▸ **Exercise aim**
Extract the stretch of lines that starts at the line with "1. Eccessiva bagnatura" and ends at the last line of the data below. Give it exactly, without pictures.
(Supplied records begins)
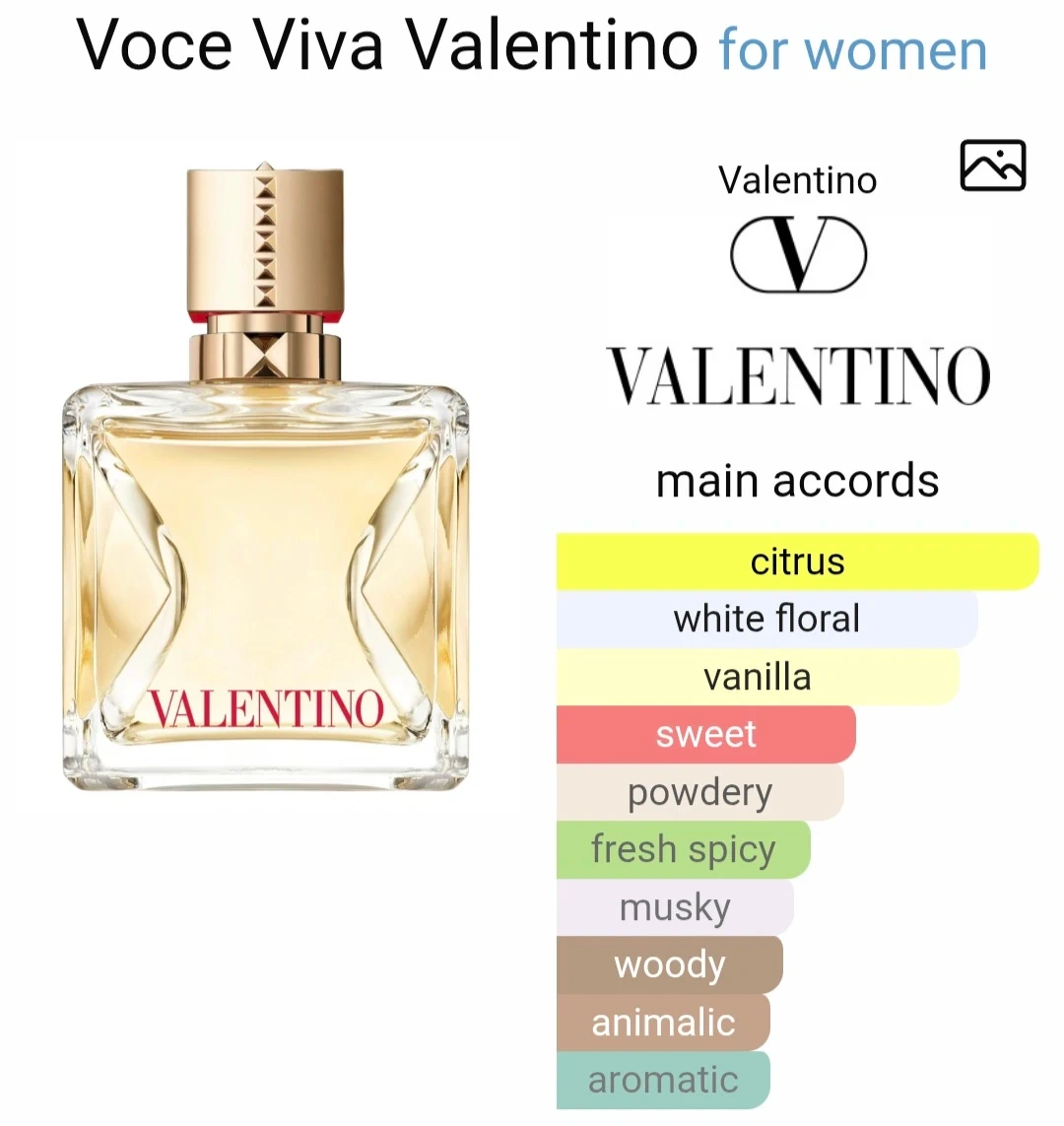 Selling a bottle of Valentino Voce Viva Eau de Parfum Intense. This fragrance has main accords of citrus, white floral, and vanilla, with sweet, powdery, and fresh spicy notes as well. It also has musky, woody, animalic, and aromatic hints to it.
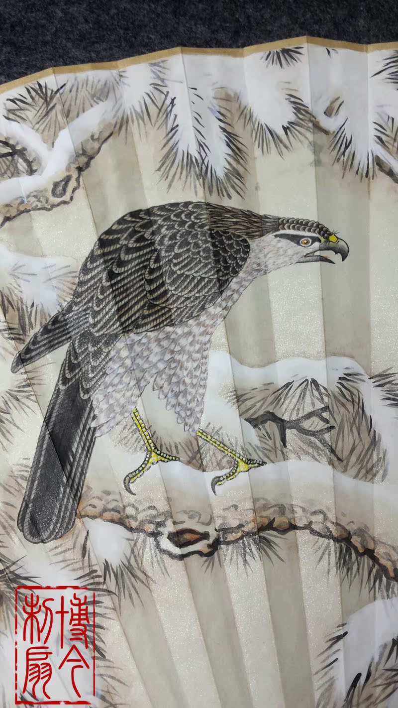 (Bojin fan) Tianjin famous 95 inches 18 square boutique gong pen Mengfeng fan surface Cedar Mengfeng poultry diagram
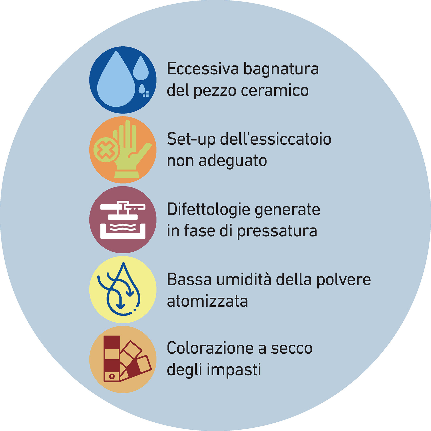 1. Eccessiva bagnatura del pezzo ceramico → Si può intervenire aumentando ad esempio le densità di lavoro degli smalti o più in generale riducendo la quantità di acqua apportata in smalteria
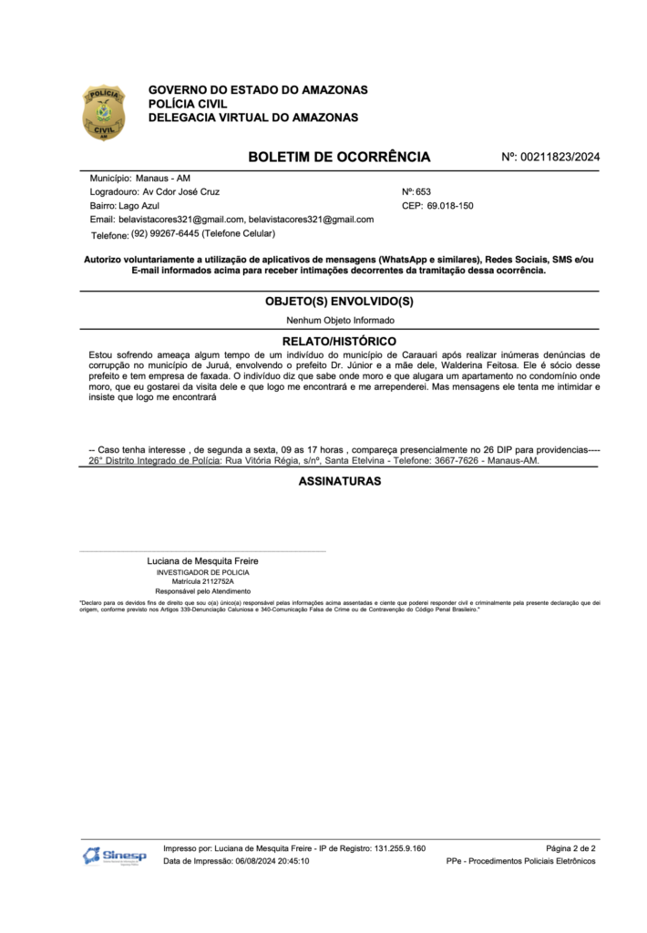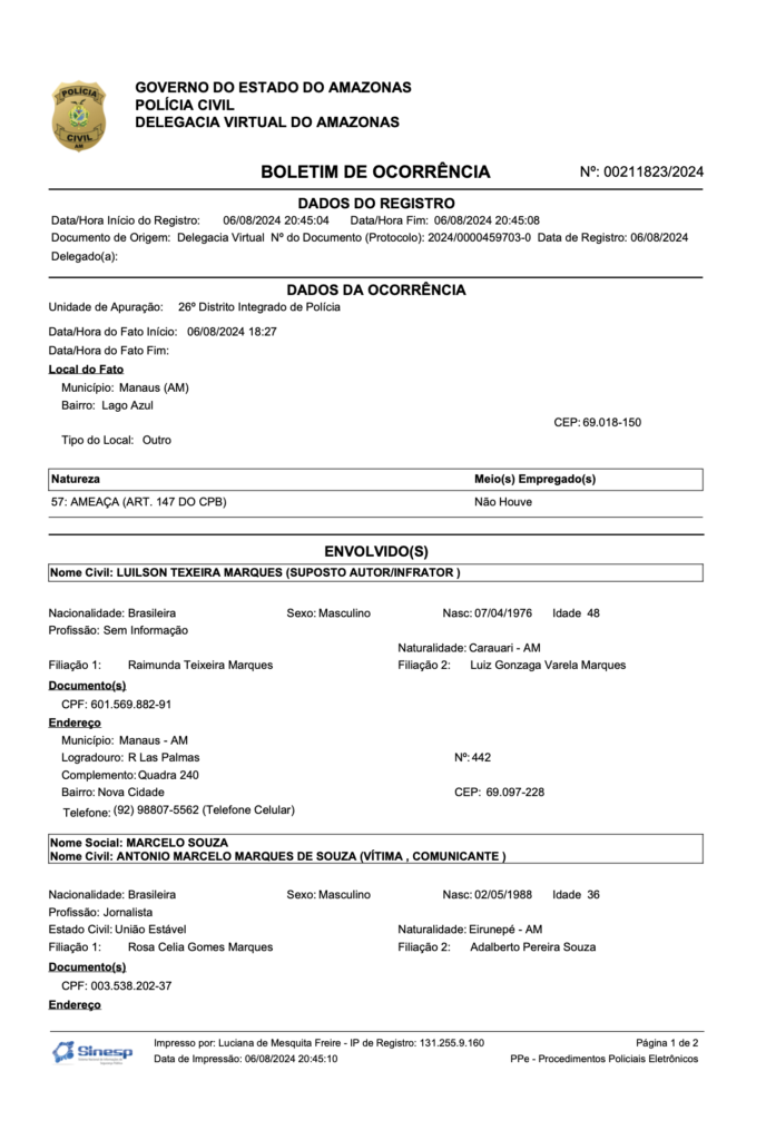 Hoje foi publicado o resultado das convenções partidárias nos municípios do Amazonas, após isso, Luilson começou a mandar mensagens e a ligar via WhatsApp para ameaçar Marcelo que, imediatamente, realizou mais um boletim de ocorrência contra o indivíduo.
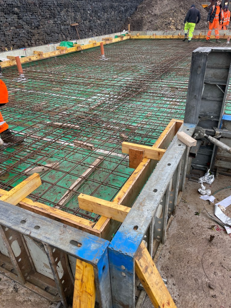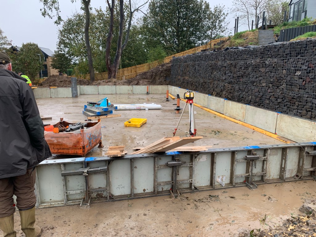 Over the weekend the form work was set up and all the wood to enable the upstand to be poured at the same time as the slab,
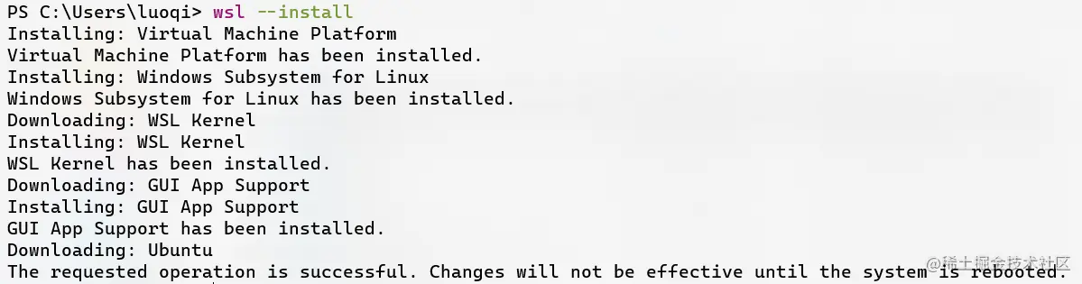 - 启用Linux子系统功能(需要管理员权限),下面这个指令可以自动配置好所有环境,默认使用WSL 2,Ubuntu系统。
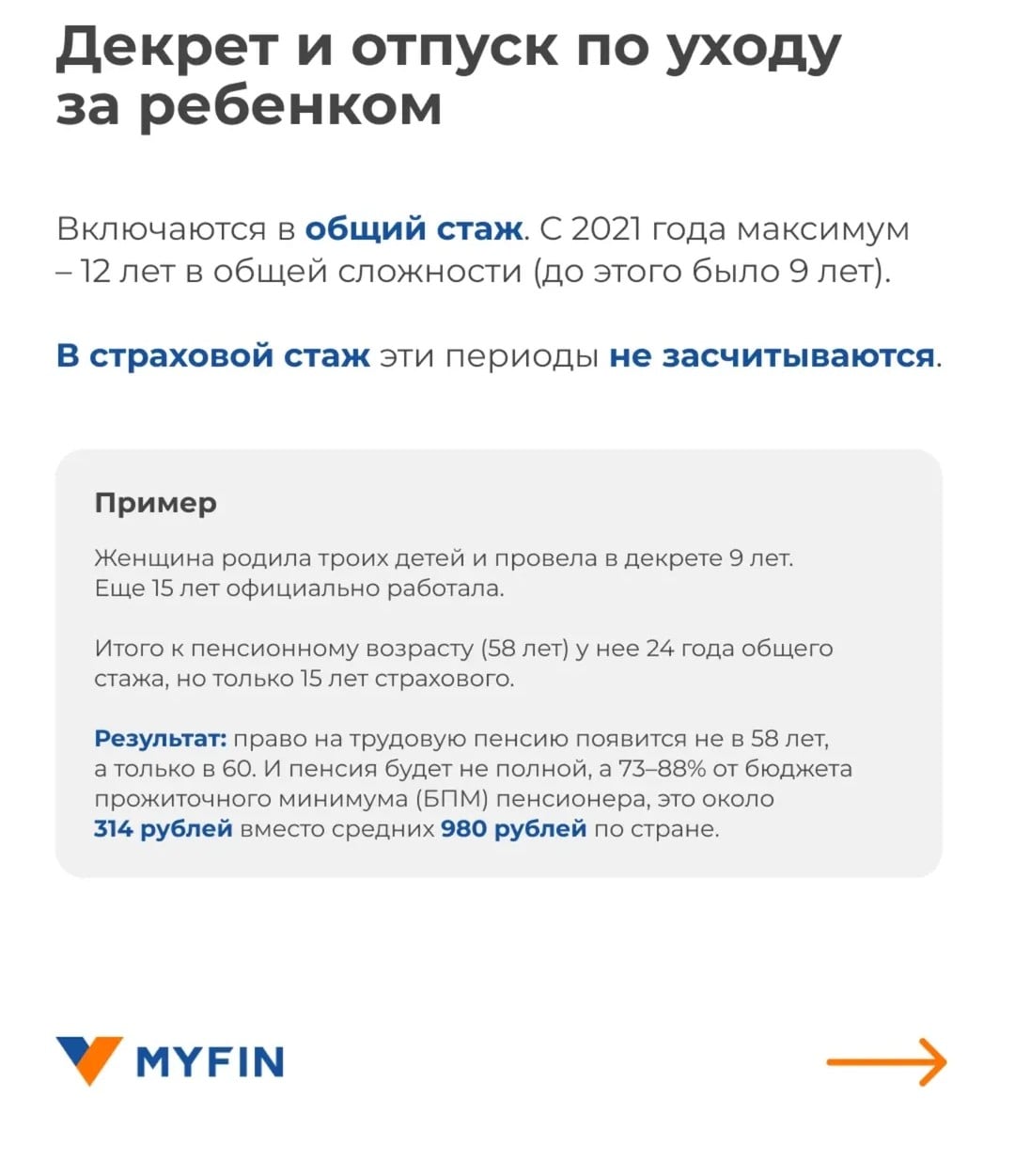 По закону в Беларуси время, проведенное родителем (как правило, это мать) в отпуске по уходу за ребенком, включается в общий стаж при назначении пенсии, но не в страховой стаж, который также сильно влияет на будущее. Это связано с тем, что в это время не платятся страховые взносы. При этом с 2025-го требуемый минимальный страховой стаж составляет 20 лет.
(Supplied records ends)
▸ **Answer area**
 1. Eccessiva bagnatura del pezzo ceramico → Si può intervenire aumentando ad esempio le densità di lavoro degli smalti o più in generale riducendo la quantità di acqua apportata in smalteria
 Hoje foi publicado o resultado das convenções partidárias nos municípios do Amazonas, após isso, Luilson começou a mandar mensagens e a ligar via WhatsApp para ameaçar Marcelo que, imediatamente, realizou mais um boletim de ocorrência contra o indivíduo.
 Over the weekend the form work was set up and all the wood to enable the upstand to be poured at the same time as the slab,
 - 启用Linux子系统功能(需要管理员权限),下面这个指令可以自动配置好所有环境,默认使用WSL 2,Ubuntu系统。
 По закону в Беларуси время, проведенное родителем (как правило, это мать) в отпуске по уходу за ребенком, включается в общий стаж при назначении пенсии, но не в страховой стаж, который также сильно влияет на будущее. Это связано с тем, что в это время не платятся страховые взносы. При этом с 2025-го требуемый минимальный страховой стаж составляет 20 лет.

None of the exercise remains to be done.